Your answer should repeat exactly the lines from the one holding "Some farmhouses seem" through the end of the data, and it should contain no pictures.

_Input data_
________________________________________

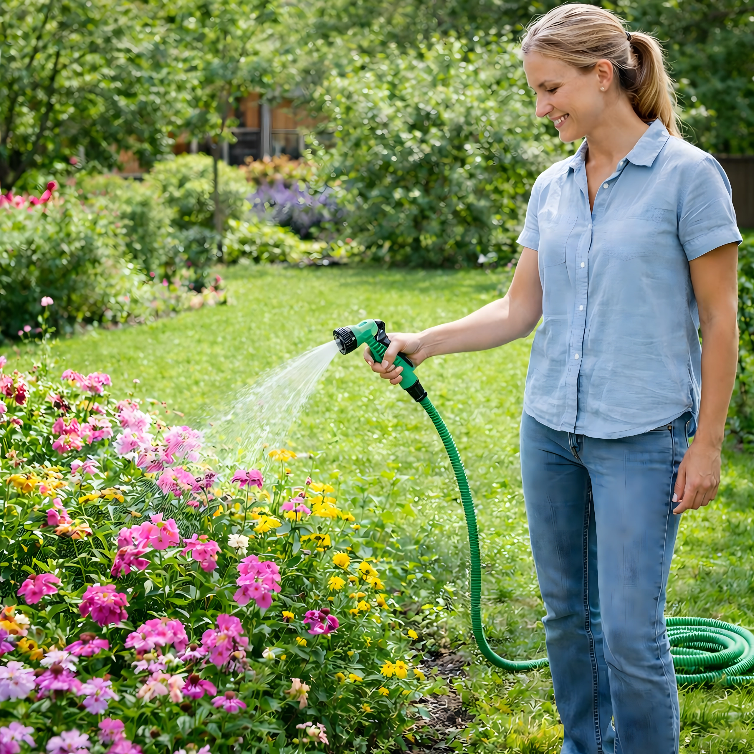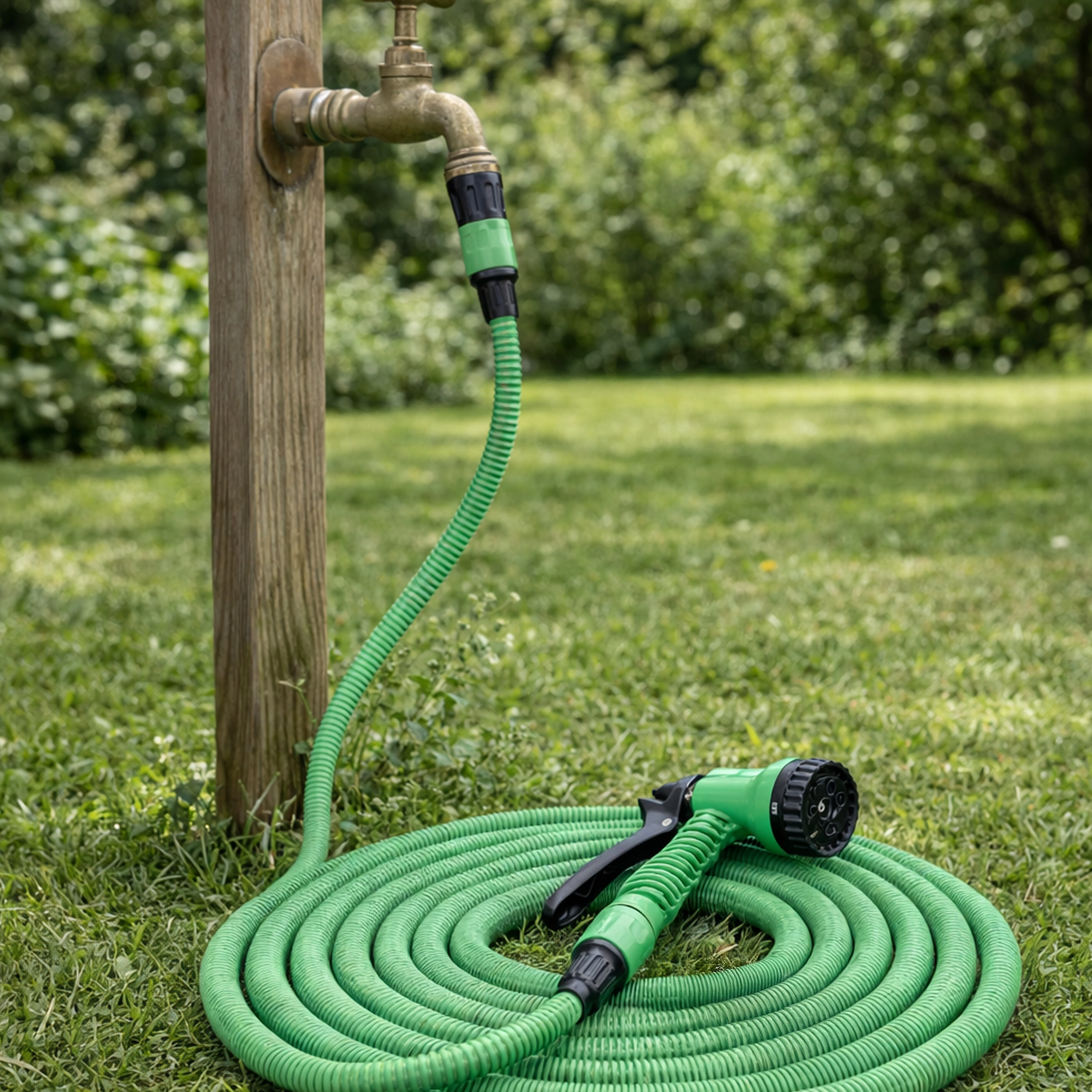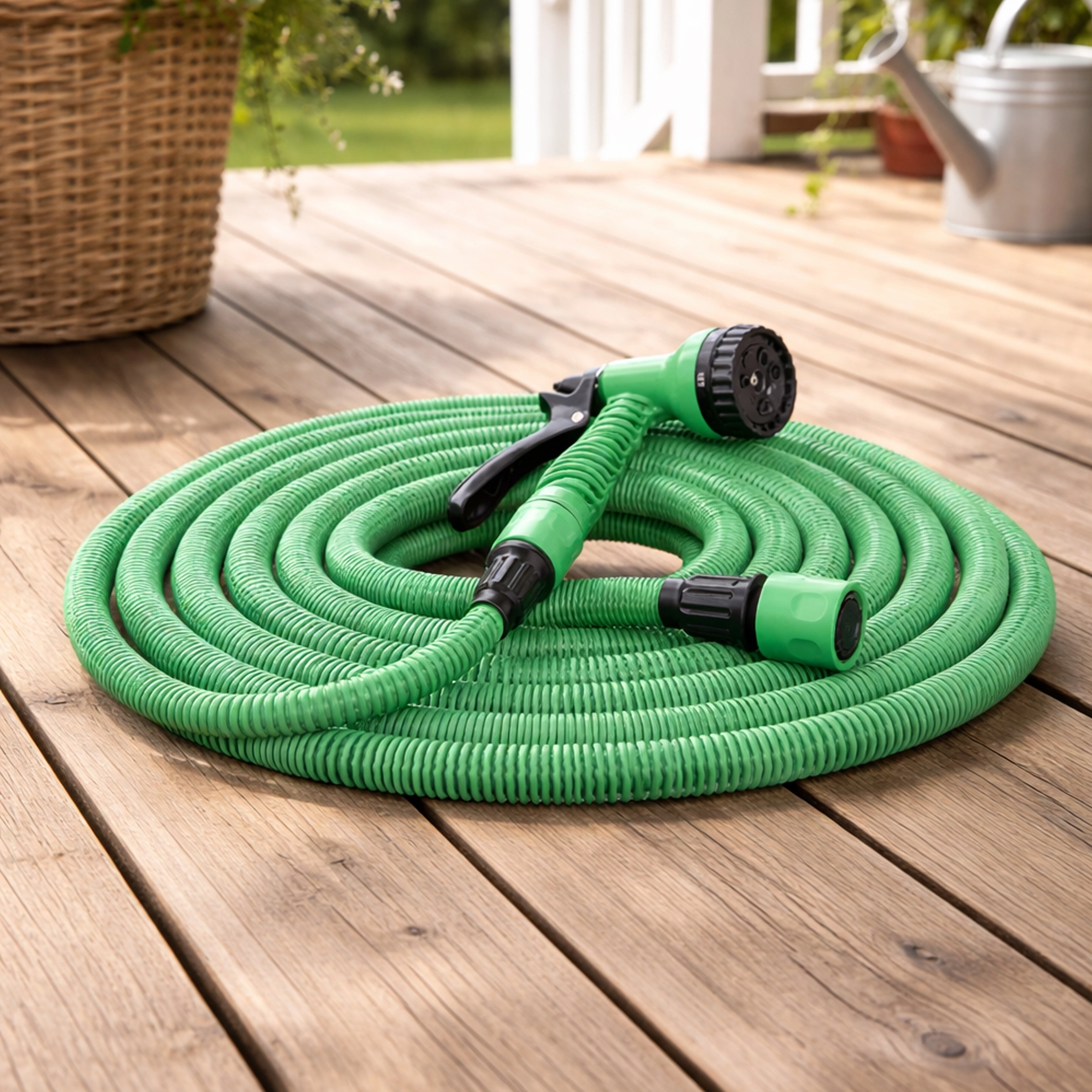 Ľahká a flexibilná záhradná hadica, ktorá sa pri napustení vody predĺži z 5 až na 15 metrov. Súčasťou je univerzálna postrekovacia pištoľ s viacerými režimami a rýchlospojky na jednoduché pripojenie. Ideálna na polievanie záhrady, umývanie auta aj upratovanie okolo domu. Rozťahovacia konštrukcia, odolný textilný plášť a multifunkčná tryska zabezpečia pohodlné a bezpečné používanie bez zalamovania.
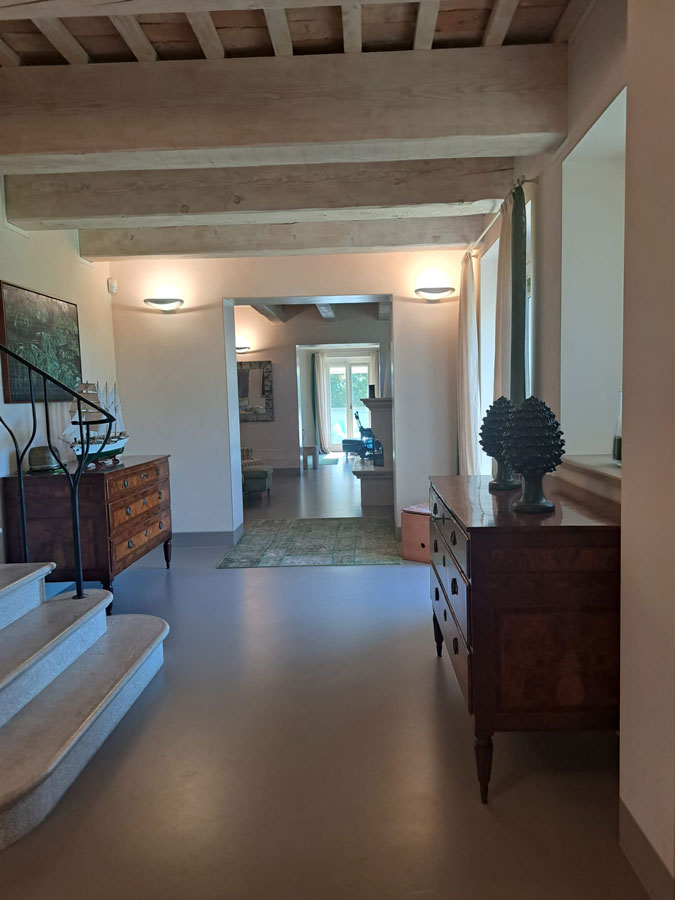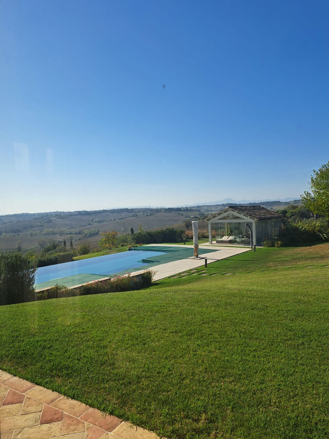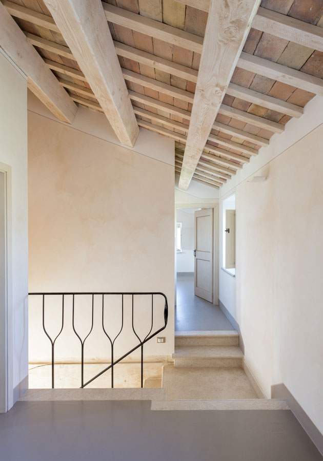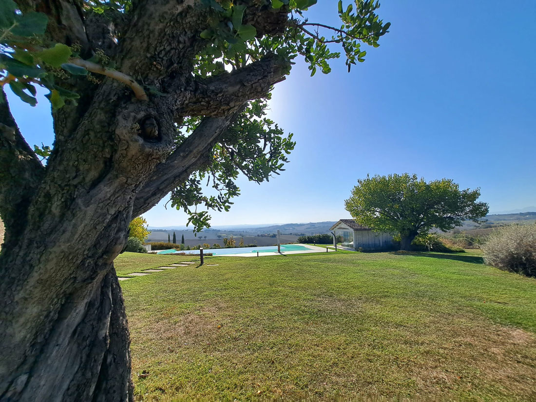 Some farmhouses seem to inscribe a modern signature in the renewed tradition of rural architecture. This is the case of this property, located on the crest of a hill with a wonderful view, just a few kilometres from the Adriatic Sea and the town of Senigallia, to which it belongs administratively and from which it is about 10 km away.
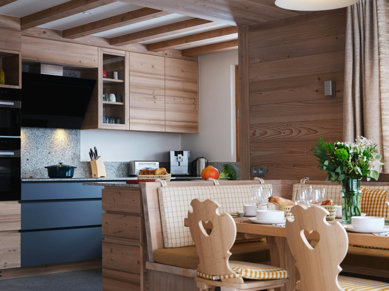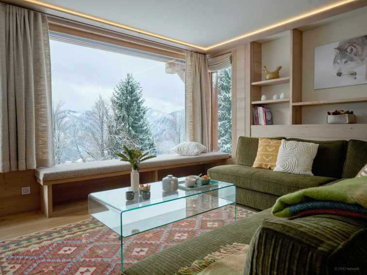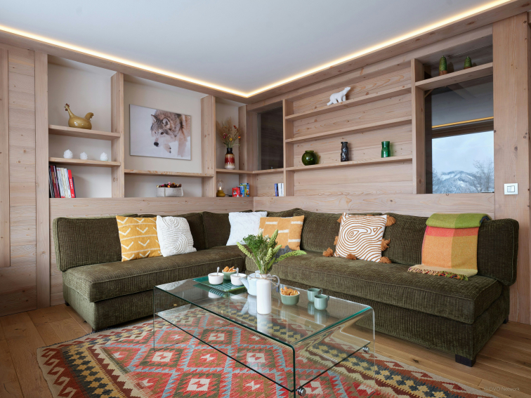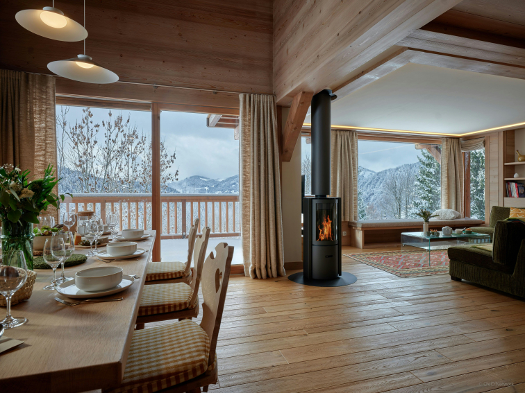 Vous pénétrez ensuite dans une agréable pièce de vie, composée de teintes douces et réchauffée par un poêle à bois central. Le salon et le balcon offrent une vue absolument spectaculaire sur la chaîne des Aravis.

________________________________________

_Answer below_
 Some farmhouses seem to inscribe a modern signature in the renewed tradition of rural architecture. This is the case of this property, located on the crest of a hill with a wonderful view, just a few kilometres from the Adriatic Sea and the town of Senigallia, to which it belongs administratively and from which it is about 10 km away.
 Vous pénétrez ensuite dans une agréable pièce de vie, composée de teintes douces et réchauffée par un poêle à bois central. Le salon et le balcon offrent une vue absolument spectaculaire sur la chaîne des Aravis.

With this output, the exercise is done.